Geography
- Location: Richmond, Melbourne, Victoria, Australia

Organisation
- Type: Specialist

Services
- Speciality: Addiction treatment

History
- Opened: 1994

Links
- Website: www.turningpoint.org.au
- Lists: Hospitals in Australia

= Turning Point Alcohol and Drug Centre =

Turning Point Alcohol and Drug Centre is an alcohol and other drugs organisation located in the inner Melbourne (Australia) suburb of Richmond. Established in 1994 in Fitzroy, the organisation provides clinical treatment and support to those with substance addiction issues, as well as conducting clinical and epidemiological research and development. In addition, the organisation provides education and training to health and welfare professionals.

The organisation's approach to alcohol and other drugs clinical treatment is primarily based upon the medical model of treatment. This includes using an evidence based approach to treatment services and implementing harm minimisation techniques towards relevant client issues.

The organisation amalgamated with public health provider Eastern Health in October 2009, and is formally affiliated with Monash University.
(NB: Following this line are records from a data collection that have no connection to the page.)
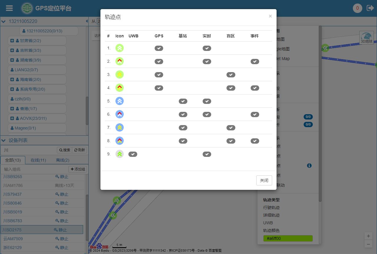 每个轨迹点记录,在地图上可对应一个轨迹点图标。
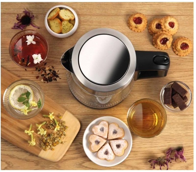 У ньому використовується нагрівальний елемент дискового типу (прихованого) потужністю 2200 Вт. Модель розрахована на разову заливку 1,7 л води, рівень якої візуально контролюється користувачем. Під час розливу рідина пропускається через фільтр, що затримує тверді частинки накипу. Пристрій встановлюється на підставку з центральним контактом, тому може вільно повертатися на 360 градусів. Пристрій має індикатор увімкнення, що спалахує в разі під’єднання до мережі.
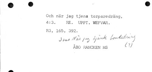 //// Och när jag tjena torparedräng, 4:3. RE. UPPT. WEFVAR. //// R3, 165, 392. //// ABO RANCKEN MS c 'f //// •fi ////
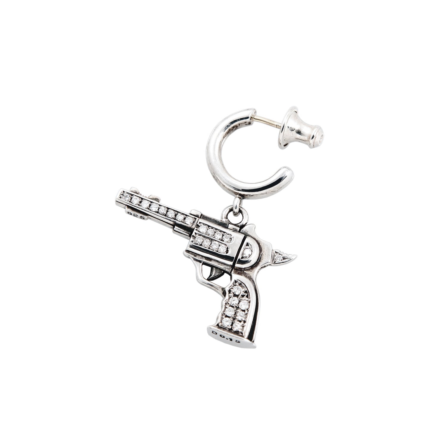 Pistol motif earrings set with pavé diamonds.

In addition, Turning Point collaborates with international organisations including The United Nations Office of Drugs and Crime (UNODC); International Network of Drug Treatment and Rehabilitation Resource Centres, California State University; Center for Behavioral Research and Services, Yale University; Center for Interdisciplinary Research on AIDS and The International Harm Reduction Association.

Turning Point Alcohol and Drug Centre former home on Gertrude St Fitzroy.

==Services==

===Clinical and forensic treatment and support===

Turning Point provides counselling, case management and primary care services from a wide range of health professionals and practitioners, including; Alcohol and Other Drug Clinicians (more commonly known as Case Managers), Forensic Alcohol and Other Drug Clinicians (Forensic Case Managers) General Practitioners, Psychiatrists, Psychologists (both Clinical and Counselling), Pharmacists and Nurses.
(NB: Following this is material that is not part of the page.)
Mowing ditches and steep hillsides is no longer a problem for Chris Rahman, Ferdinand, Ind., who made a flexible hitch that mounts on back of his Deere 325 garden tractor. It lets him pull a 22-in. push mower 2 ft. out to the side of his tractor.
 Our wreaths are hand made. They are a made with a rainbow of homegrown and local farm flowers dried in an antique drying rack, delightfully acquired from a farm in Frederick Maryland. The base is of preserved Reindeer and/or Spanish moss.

Treatment and support can be provided in the following forms:

- Traditional face to face counselling (see Therapeutic Relationship).
- Group therapy.
- Outreach response.
- Home-based withdrawal.
- Telephone counselling.
- Online counselling.

====Specialist pharmacotherapy programs====

Turning Point provides eligible clients access to medically supervised drug substitution pharmacotherapies such as Methadone (see Methadone Maintenance), Suboxone and Subutex.

====Specialist assessment and consultancy services====

Turning Point provides services in the following areas:

- Alcohol and other drug use assessment.
- Dual diagnosis (a combination of a mental health issue and a substance use disorder).
- Comorbidity.
- Acquired Brain Injury (ABI).
- Chronic pain.

====Needle and syringe program (NSP)====

Turning Point provides a comprehensive program to the local general public, including the supply and exchange of hypodermic needles as well as various other harm minimisation provisions.